*** Supplied records Section Begins ***

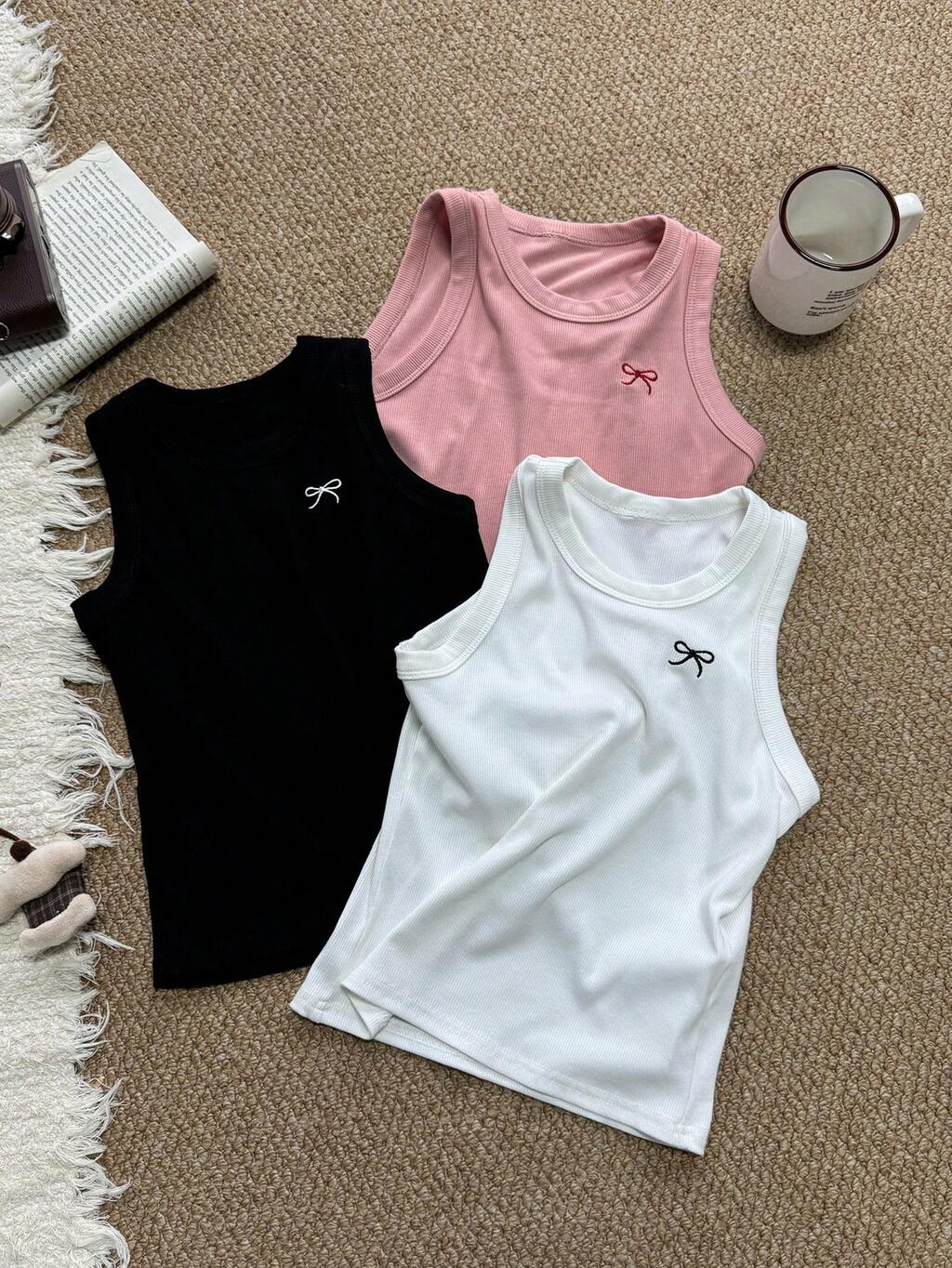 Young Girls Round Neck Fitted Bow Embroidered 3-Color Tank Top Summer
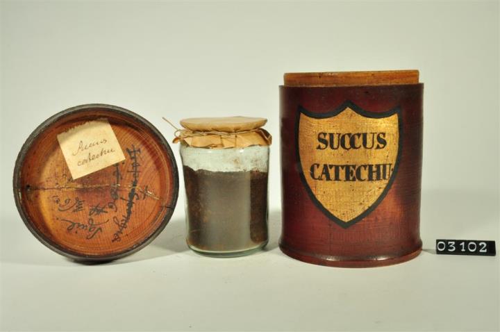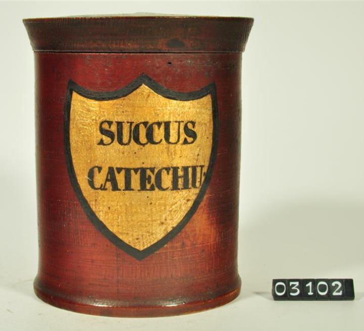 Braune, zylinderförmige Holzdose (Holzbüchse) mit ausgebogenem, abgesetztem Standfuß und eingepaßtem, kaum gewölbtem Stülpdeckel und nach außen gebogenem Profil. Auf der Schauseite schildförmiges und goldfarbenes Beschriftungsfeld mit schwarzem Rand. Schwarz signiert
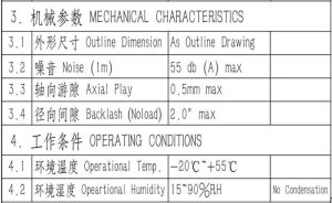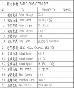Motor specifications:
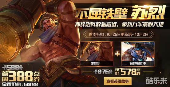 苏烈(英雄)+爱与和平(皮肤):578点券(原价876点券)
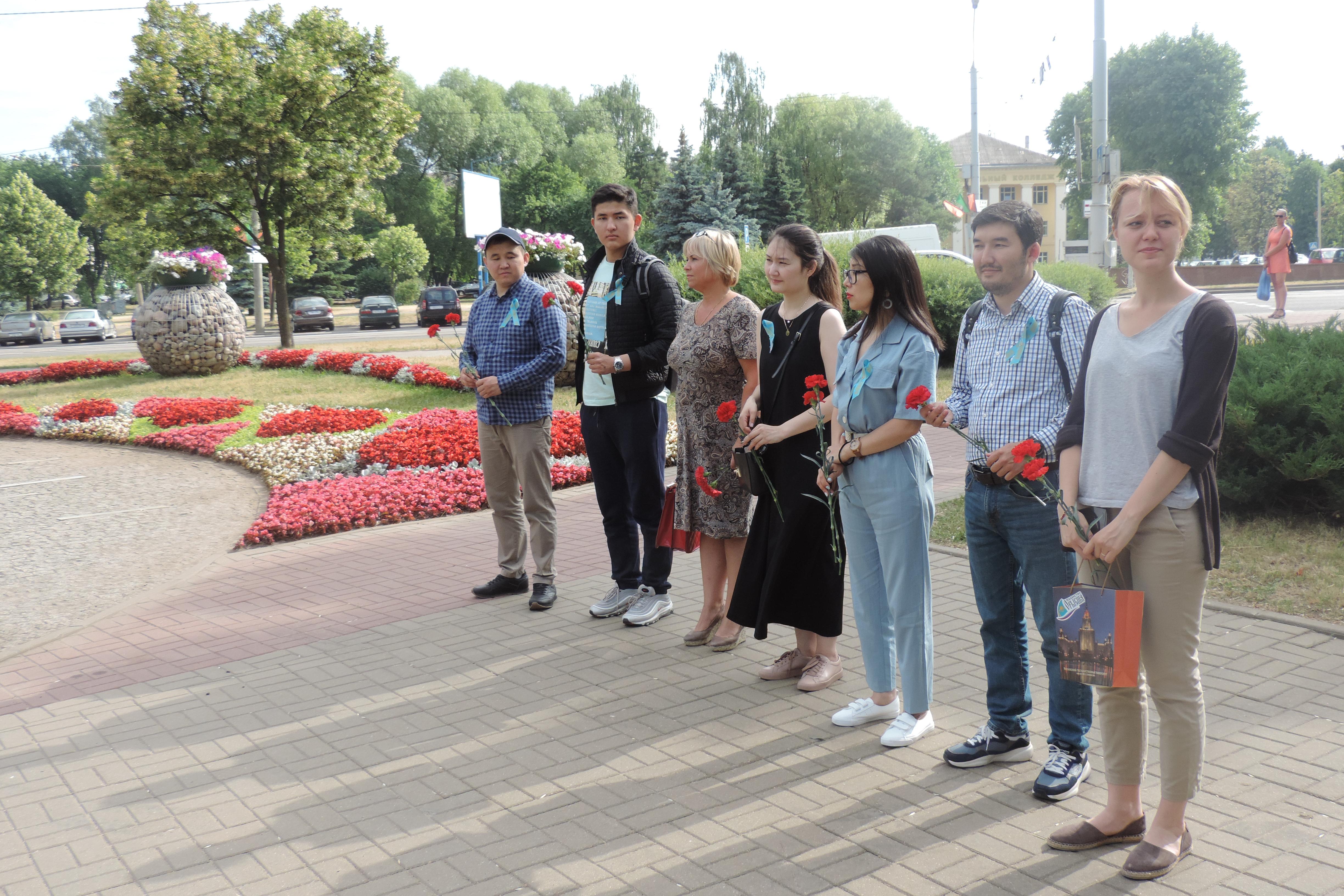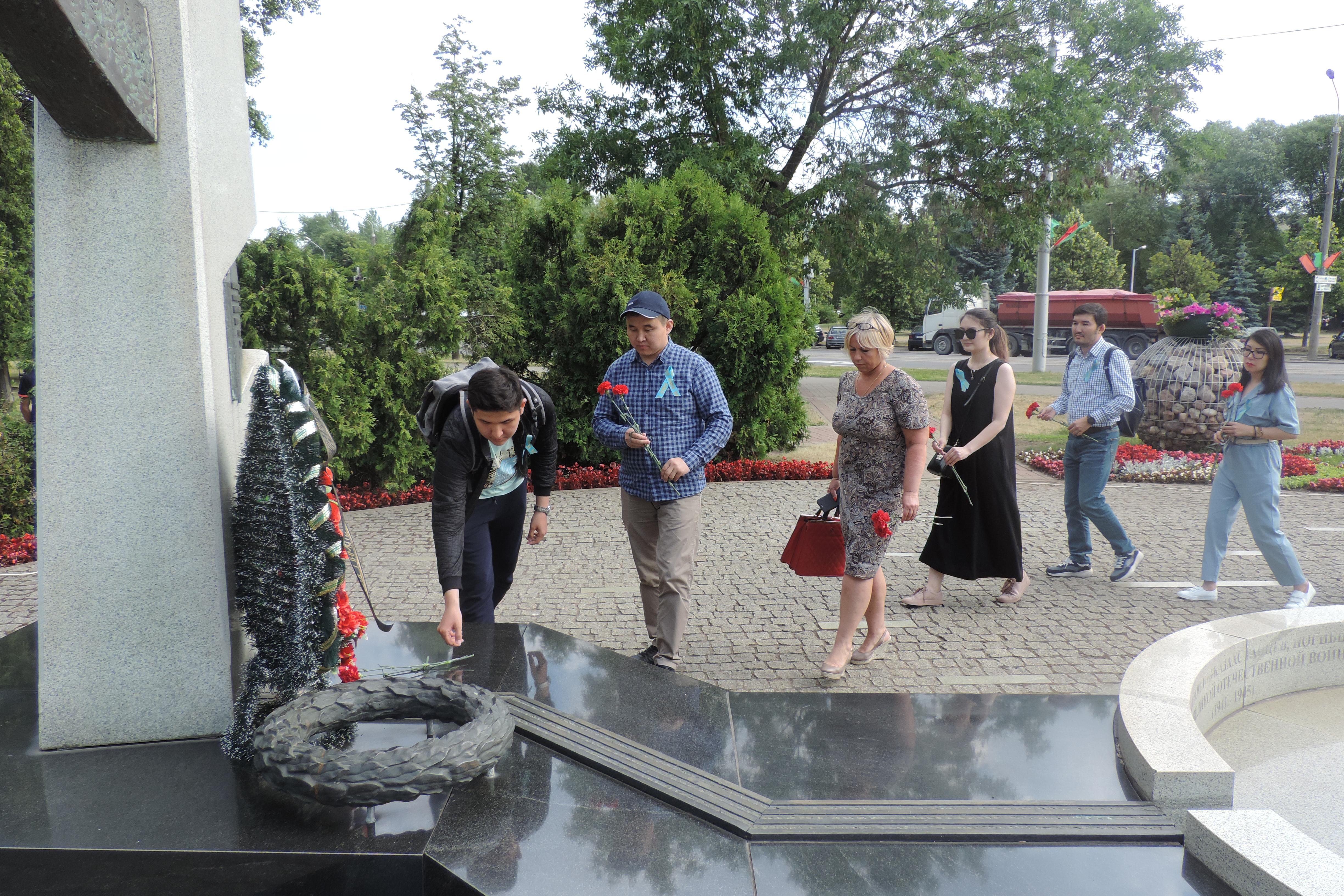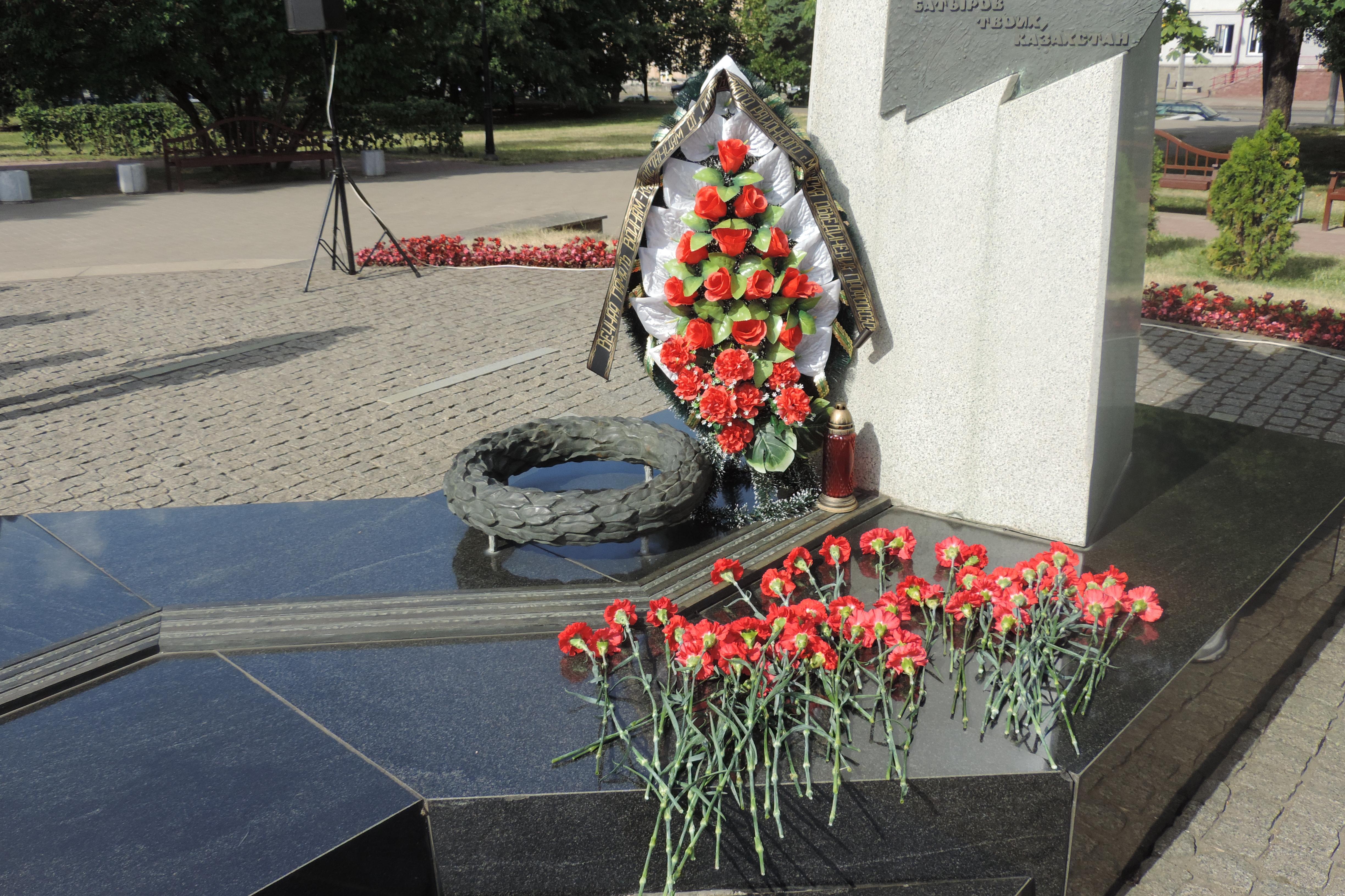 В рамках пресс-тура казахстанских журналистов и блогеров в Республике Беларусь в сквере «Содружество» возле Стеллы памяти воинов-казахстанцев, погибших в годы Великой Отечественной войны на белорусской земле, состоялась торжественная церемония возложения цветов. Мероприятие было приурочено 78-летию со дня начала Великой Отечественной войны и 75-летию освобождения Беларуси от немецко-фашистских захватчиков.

*** Supplied records Section Ends ***

= Problem details =
Retype the whole listing. Keep every word exact but include no pictures.

= Solution for this task =
 Young Girls Round Neck Fitted Bow Embroidered 3-Color Tank Top Summer
 Braune, zylinderförmige Holzdose (Holzbüchse) mit ausgebogenem, abgesetztem Standfuß und eingepaßtem, kaum gewölbtem Stülpdeckel und nach außen gebogenem Profil. Auf der Schauseite schildförmiges und goldfarbenes Beschriftungsfeld mit schwarzem Rand. Schwarz signiert
Motor specifications:
 苏烈(英雄)+爱与和平(皮肤):578点券(原价876点券)
 В рамках пресс-тура казахстанских журналистов и блогеров в Республике Беларусь в сквере «Содружество» возле Стеллы памяти воинов-казахстанцев, погибших в годы Великой Отечественной войны на белорусской земле, состоялась торжественная церемония возложения цветов. Мероприятие было приурочено 78-летию со дня начала Великой Отечественной войны и 75-летию освобождения Беларуси от немецко-фашистских захватчиков.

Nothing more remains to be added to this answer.